You have had this feeling coming for so long, you knew it was coming, you have been trying to get distracted, to become even more busy, to do whatever you can to ignore it, yet when it happens you are shocked that it is happening. It can be at the line up of the grocery store, in your car, while talking to your Childs teacher, or even your bathroom floor.
You hold your breathe, begging and tying to barter with yourself to make it not happen, but you feel your face get hot, your eyes start to burn, and the tears overwhelm you and take over, and come running down your face. If you are in public, you start noticing the stares, the occasional person will stop and ask if you are ok. You apologize and start making excuses about how you just had a long day, or say it’s nothing, and try to continue on with your day, hoping that no one will recognize you next time you are out, as the crazy unstable lady who just cries at random.
This was your breaking point. You have tried so hard to pretend that everything was ok, but in reality you were not dealing with whatever you have going on, and you just kept pushing it down. You could be doing this for days, weeks, months, or even years.
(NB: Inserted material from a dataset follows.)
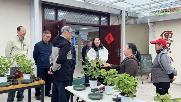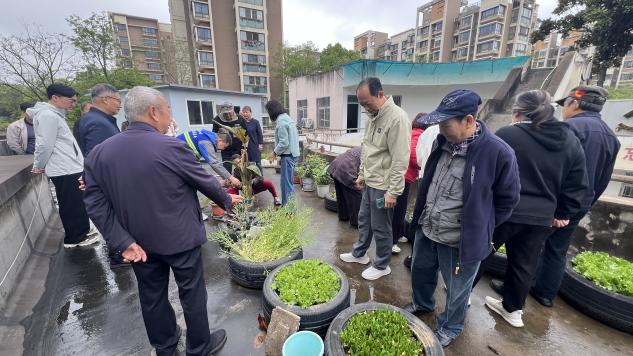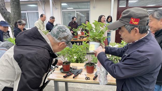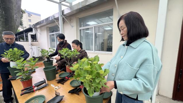 理论分享之后,活动进入最受期待的实践环节——“认养一方绿”。社区精心准备了绣球花苗、花盆以及小铲子等种植工具,每位参与居民均可认养一株属于自己的绣球花。工作人员现场指导居民动手栽种:装土、移苗、施肥、浇水……大家兴致勃勃地操作着,不一会儿,一盆盆生机盎然的绣球花便在居民手中安了家。同时,每盆绣球花附赠一份“养生植物养护小贴士”,清晰标注光照需求、浇水频率、修剪要点以及绣球花在观赏疗愈方面的作用——“养护绣球的过程本身就是一种减压方式,能让人静心养性”。居民们捧着自己亲手栽种的绣球花,脸上洋溢着成就感与责任感。这一环节将阅读所得知识转化为亲手实践,实现了“阅读—认养—应用”的完整闭环。

It doesn’t matter how long you have been doing this, or what the reason is, but once your body tells you it can’t push it down any longer, it will just come crashing down.
You spent so long trying to have your house ready for guests, just to keep the appearance up that you are OK. You have been continuing finding the perfect gifts for the right occasions, and eat right, and be involved in all the right community events. You have been the go-to person for all your friends, pretending that you are Ok. You don’t know how much more pretending you can do. You are not OK.
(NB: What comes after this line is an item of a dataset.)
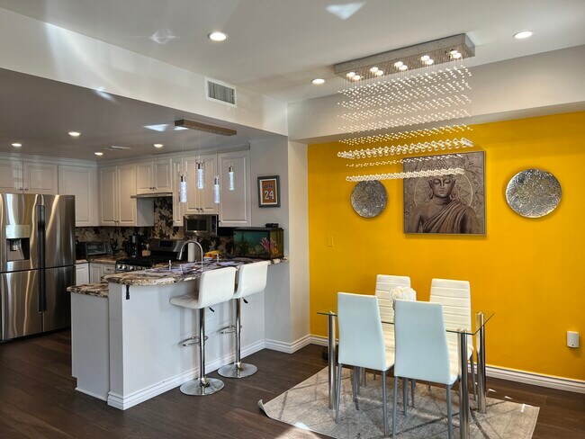 Kitchen and dining area with a beautiful modern chandelier

I know that feeling. I am not OK. It took me years to finally admit that. Well if I am being honest, I have said it a few times before, but the ones that I said it to, saw my reality that I was trying to convince everyone of, and they saw a put together person and they thought how can this person not be OK, she looks OK to me. That was always the end of the conversation. No one asked again, or tried to help. I started thinking that maybe I can just do this on my own.
I was wrong. I hit my breaking point.
I know some of you can relate to this. With me dealing with all of this, the only way I got out of it, was with the hopes that I can help someone else not get to where I was. I thought about the areas that I needed help with. I remembered how some days I couldn’t even get out of the house, but I needed to get Christmas presents, or there was an empty wall in my house that I kept staring at, thinking it needs the right thing there to make my house complete and for me to be happy. I remember thinking if only I could get some help planning my meals, or a coffee, or how I am going to go to that event, and how cute it would be for my girls to have coordinating outfits, or how my sister absolutely needs a Hockey Mom shirt to show support to her son’s hockey game. How easy it would be if you could find all of this in just one place.
This may not be what will help you, but this is helping me, and with your love and support I will continue to do this, with the hope that at least one busy and tired and stressed mama, will get to have one more moment before “it” happens.